Calle Sur is what happens when you combine man and woman, Black and White, urban and rural. Seeing Calle Sur is living proof that the terms "Hispanic" and "Latino" can't be summarized.
Ed East is Panamanian. His upbringing in Panama City meant noise, hustle, bustle, and those chaotic smells
and sights so characteristic of any Third World metropolis. It also meant a fierce need for individuality and lots of musical innovation and creativity, as expressed in the work of his compatriot, Rubén Blades.
Karin Stein, his Colombian partner, brings to the music of Calle Sur the perspective of her rural upbringing.
Very rural, that is. She grew up as a cowgirl on a remote ranch in the eastern Llanos or plains of Colombia.
While he rode buses and watched TV, she rode horses and watched the red ibis stalk across emerald green
rice fields. There was no TV in her neck of the woods. No electricity for that matter. Only a small transistor
radio which sometimes worked, and from which she gleaned tidbits of an outer world. His veins were filled with the fusion of world beats converging in a big city. Her soul harbored haunting cowboy tunes from her
traditional Llanero culture, a fascinating people whose music remains one of Latin America's best kept secrets.
They met in Iowa, of all places, where they each had built a life in a foreign but welcoming land, and where their Latin heritage has blended with their predominantly Anglo-Saxon surroundings.
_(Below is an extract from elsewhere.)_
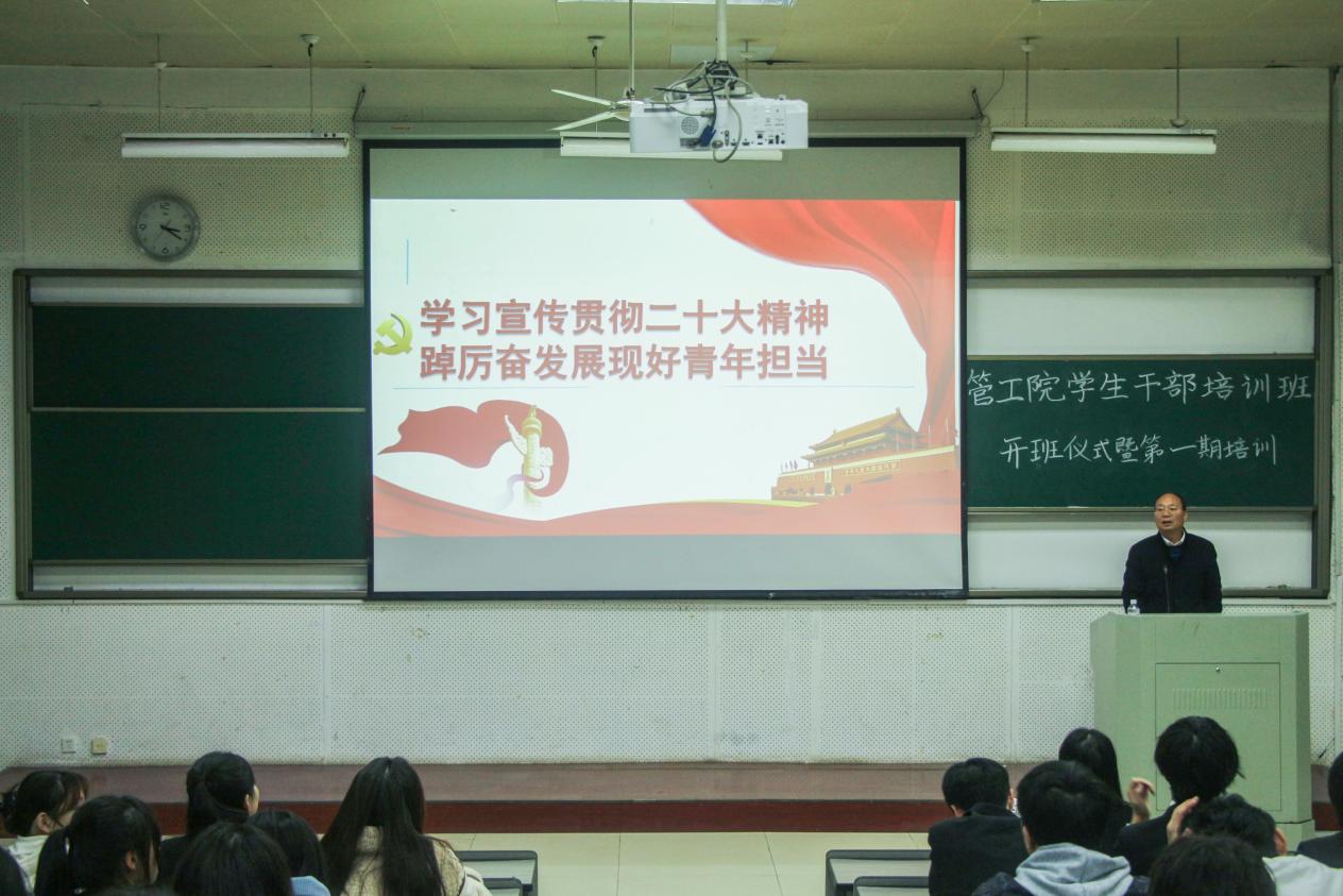 本次学生干部培训班以“学习二十大 永远跟党走 奋进新征程”为主题,邀请学院党委书记、团委书记及往届优秀学生干部围绕党的二十大精神宣讲、学生干部职能培训和学生干部工作经验等内容,通过课堂教学、互动交流等多种形式让学员在培训中学有所获。引导激励学生干部进一步了解其在校园文化建设、优良学风塑造中的关键作用,加深对自身责任的认识,激发他们做好工作的热情与动力。
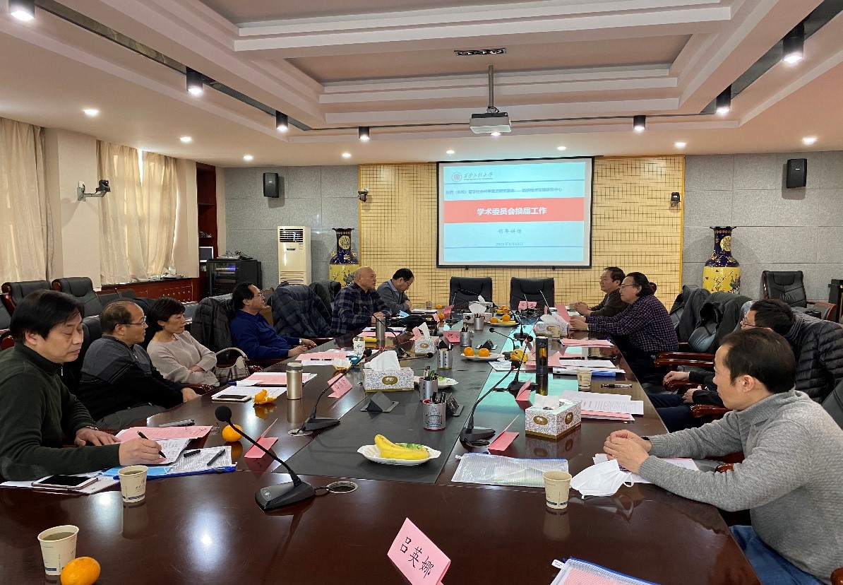 2021年1月13日,陕西(高校)哲学社会科学重点研究基地——纺织经济管理研究中心学术委员换届会议在公司金花校区第三会议室召开。公司副董事长李鹏飞、科技处处长朱耀麟、2026世界杯指定网站教授郭伟、李军训、副教授姜铸等出席了会议。参加会议的校外专家有,西安理工大学经济与2026世界杯指定网站教授薛伟贤,西北大学教授王珏,陕西经济联合会原会长、教授级高工党红忠,西安纺控股有限公司董事长、教授级高工何安民,西安纺织集团原董事长、教授级高工顾宪祥,西安纺织控股有限公司副总经济师陈拴柱,以及咸阳纺织集团总经理高级工程师王志强。

They have been pioneers in a state that has only in the last 15 years seen a significant influx of Latinos. Calle Sur, however, commonly performs outside of Iowa: New York, Colorado, Costa Rica, Malaysia, Romania - wherever their music takes them. They have composed the film score for three documentaries, some of them aired worldwide. Their compositions have also been used in feature-length movies.
This duo has charisma, it has class, and it has talent to boot. One minute, Ed's drumming makes you jump to your feet. The next, you sway to the samba he plays on his guitar. Karin strums a mean 6/8 beat on her Venezuelan cuatro, then effortlessly switches to Bolivian panpipes. Ed's versatile expressions take you from guajira and jazz to bossa nova and salsa tunes. Karin's stirring vocal quality melts your senses with a tender love song, then wraps its power around you in an Afro-Colombian cumbia. And when they sing one of their boleros together, the perfect blend of their harmonies will likely give you goosebumps.